Exclusion and selection based on economic and financial standing
Unsurprisingly insolvent companies rarely bid for public contracts, so the more usual way in which the financial health of bidders is taken into account is through the selection criteria for admission to the procurement.
Under the public procurement rules, contracting authorities may impose requirements to ensure that economic operators (i.e. bidders for contracts) possess the necessary economic and financial capacity to perform the contract and can require proof of the economic operator's financial standing. In particular, contracting authorities may require economic operators to:
(a) have a minimum yearly turnover, including a certain minimum turnover in the area covered by the contract;
(b) provide information on their annual accounts showing the ratios, for example, between assets and liabilities; and
(c) have an appropriate level of professional risk indemnity insurance.
This list is not, however, exhaustive.
Contracting authorities are specifically allowed to look at balance sheet ratios provided that they disclose the methods and criteria for assessment of ratios are transparent, objective and non-discriminatory and are disclosed to bidders in the tender documents.
The rules do not preclude measures of financial standing based on profitability provided that they are proportionate and relevant to the contract being tendered. It would in our experience be unusual for profitability measures to be used to the exclusion of other measures of financial strength, such as turnover or balance sheet ratios.
Where minimum levels of financial standing must be met in order to participate in a procurement and be awarded a contract, those minimum levels must be determined by the contracting authority at the outset and disclosed to bidders.
If financial standing requirements are too stringent, this can be a barrier to entry to government contracts, especially for SMEs and there has perhaps been a trend in recent years to reduce such barriers. For contracts of the scale that Carillion was bidding for, however, financial standing is likely to have been an important factor.
In the case of Carillion, all this points to a simple truth: assuming that Carillion was not in fact insolvent at the time it was awarded the contracts last year, the government's ability to exclude Carillion on financial health grounds would have depended on the rules and criteria set by the government itself in each procurement in which Carillion was bidding.
If, for example, the financial standing criteria were assessed merely on the basis of turnover, it is quite possible that Carillion, as a large listed company, would have continued to meet the threshold even as its financial position worsened. More sophisticated measures based on balance sheet ratios might have picked up the deterioration but a judgment would need to be made in each case based on the terms of the procurement whether that deterioration was sufficient to warrant exclusion.

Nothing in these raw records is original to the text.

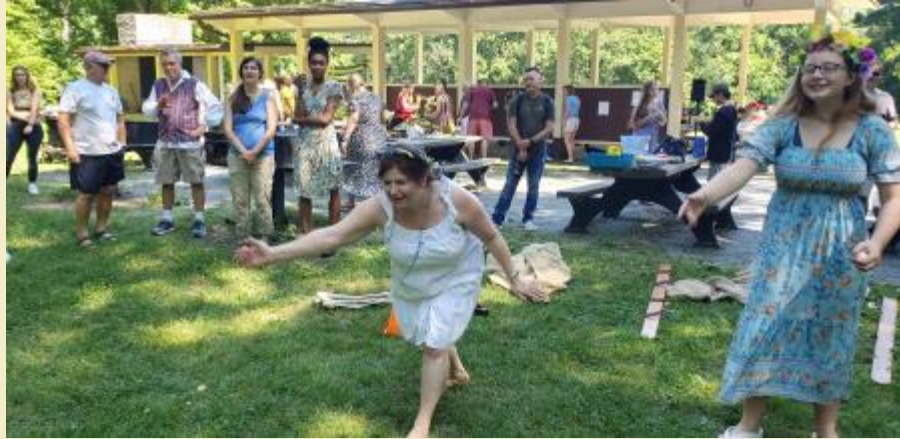
Picnic and mingle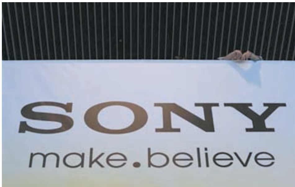
Sony Corp's logo is seen at the company headquarters in Tokyo on 22 May, 2013.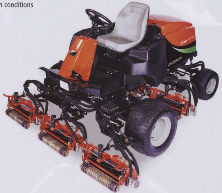
The diminutive Jacobsen LF1880, now offered in Turbo 33hp form, is claimed to be the lightest fairway mower on offer. Its narrow 18 inch cutting units even have the option of 'greens' specification 11-blade cylinders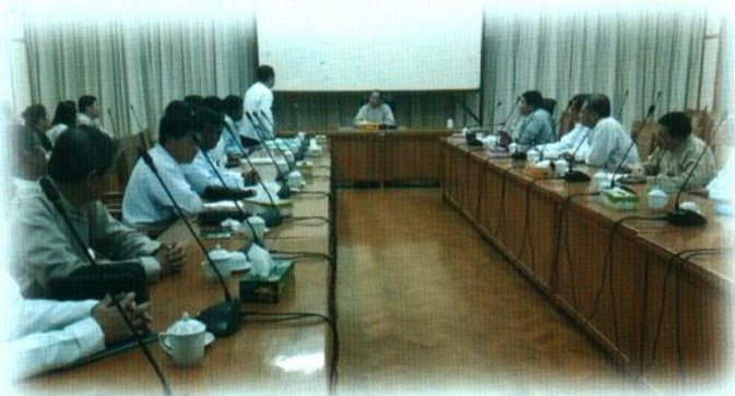
Meeting with Union Minister for Construction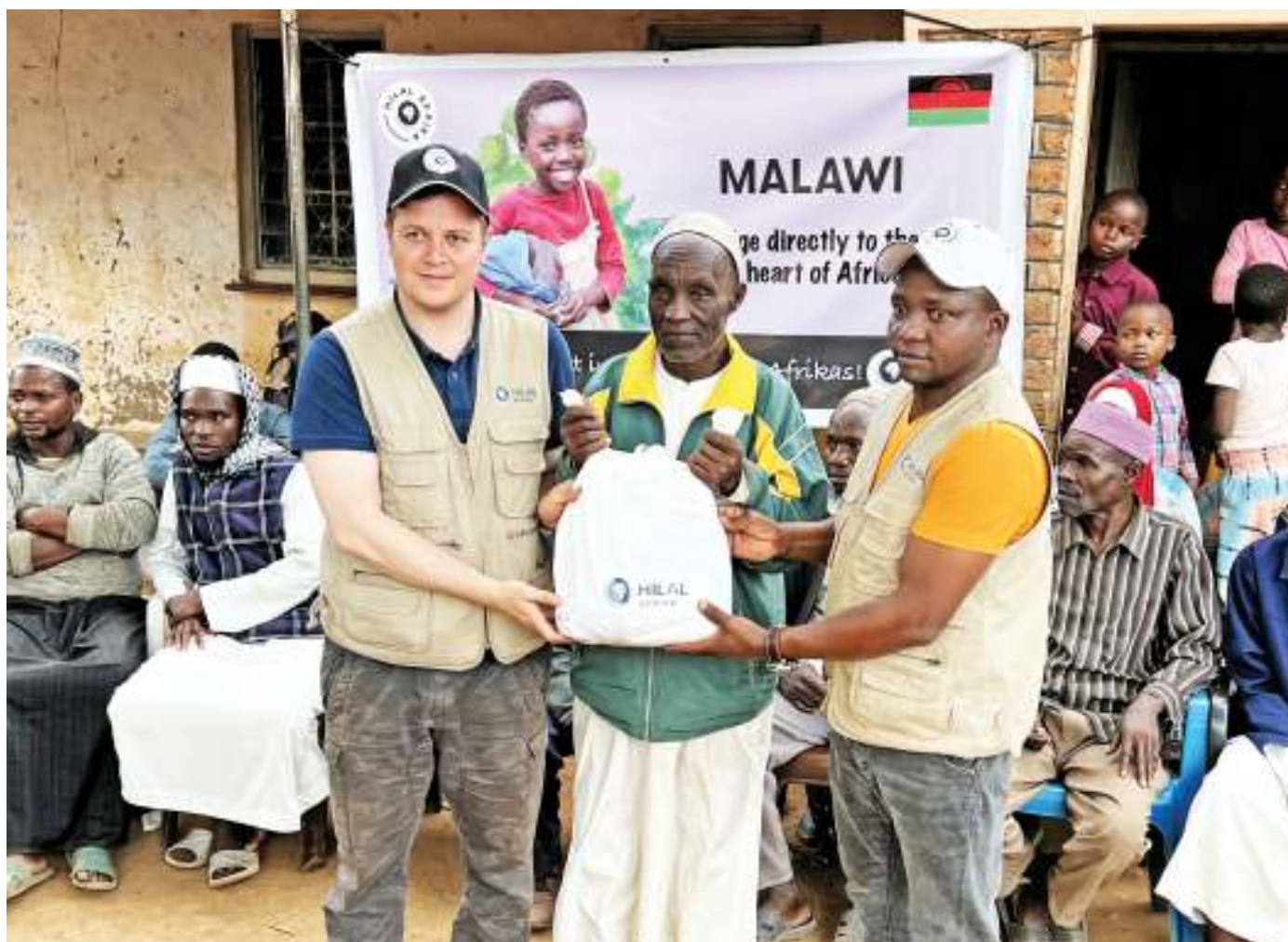
Turan and Telera handover food parcel to a beneficiary.

O ver 5000 families have benefited from the Qurban distribution program organized by Hilal Afrika in the districts of Balaka, Machinga and Mangochi. The distribution starts on the day of Eid al-Adhuha and lasts for three days. In Malawi it started on 10 July 2022.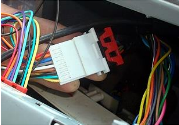
Fig. 3 9-pin socket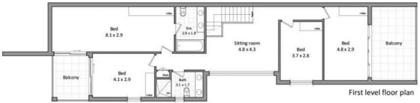
First level floor plan

Hindsight is a wonderful thing, not afforded sadly to those who design procurement procedures, and the insolvency of major government contractor is an exceptional occurrence. It is entirely possible therefore that the financial standing tests set out for the contracts which Carillion was awarded in 2017 simply did not give the government the possibility to exclude. (It is also of course possible that they did but the government chose not to exclude them – but that is another story!)